Dr. Henry Ashby, an eminent authority upon children’s diseases, says: “_In healthy children among the well-to-do class the mortality_ (from measles) _is practically nil, in the tubercular and wasted children to be found in workhouses, hospitals, and among the lower classes, the mortality is enormous, no disease more certainly being attended with a fatal result_. William Squires places it in crowded wards at 20 to 30 per cent of those attacked. Among dispensary patients the mortality generally amounts to 9 or 10 per cent. In our own dispensary, during the six years, 1880–1885, 1395 cases were treated with 128 deaths, making a mortality of 9 per cent. Of the fatal cases 73 per cent were under two years of age and 9 per cent under six months of age.”[16]

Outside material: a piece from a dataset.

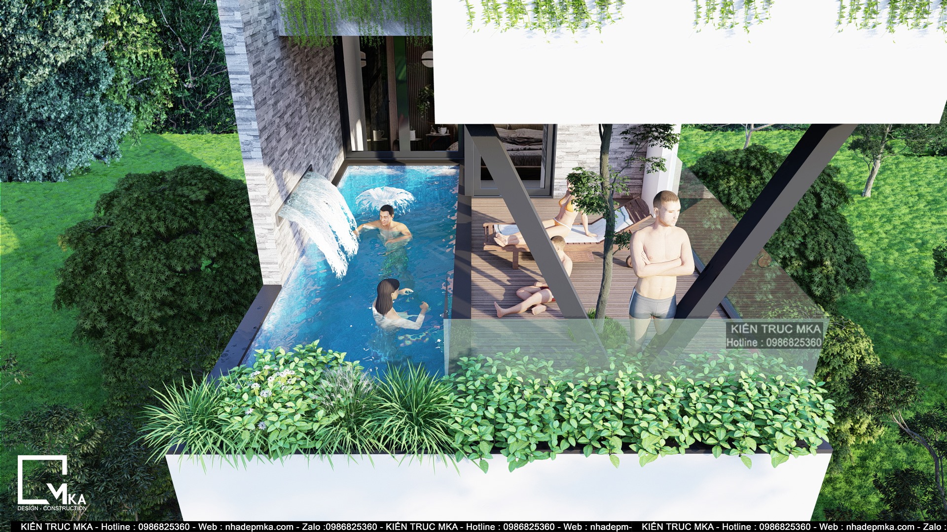 Hồ bơi vô cực trên mái là không gian thư giản cho cae gia đình vào dịp cuối tuần . Không gian trồng cây thông từ lầu 2 lên lầu 3 kết hợp với hồ bơi là điểm nhấn của căn nhà.Ban công các tầng được trồng cây xanh tạo vùa chắn nắng đón gió cho không gian bên trong .
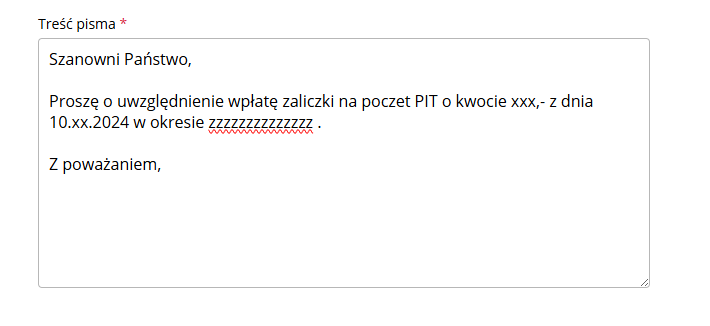 If you do not have a case ID or a case at all, make sure the recipient knows what you wish share with them. Add identification data (NIP, PESEL), name a related document (like "PIT-36 za 2023") and a short description.

These are terrible words coming as they do from a great physician and teacher of physicians. Upon any less authority one would scarcely dare quote them, so terrible are they. They mean that practically the whole 8645 infant deaths recorded from measles in the United States in the year 1900 were due to poverty—to the measureless inequality of opportunity to live and grow which human ignorance and greed have made. Moreover, the full significance of this impressive statement will not be realized if we think only of its relation to one disease. The same might be said of many other diseases of childhood which blight and destroy the lives of babies as mercilessly as the sharp frosts blight and kill the first tender blossoms of spring. The same writer says: “It may be taken for granted that no healthy infants suffer from convulsions; those who do are either rickety or the children of neurotic parents.”[17] And there were no less than 14,288 infant deaths from convulsions in the United States in the census year. It would probably be a considerable underestimate to regard 10,000 of these deaths, or 70 per cent of the whole, as due to poverty.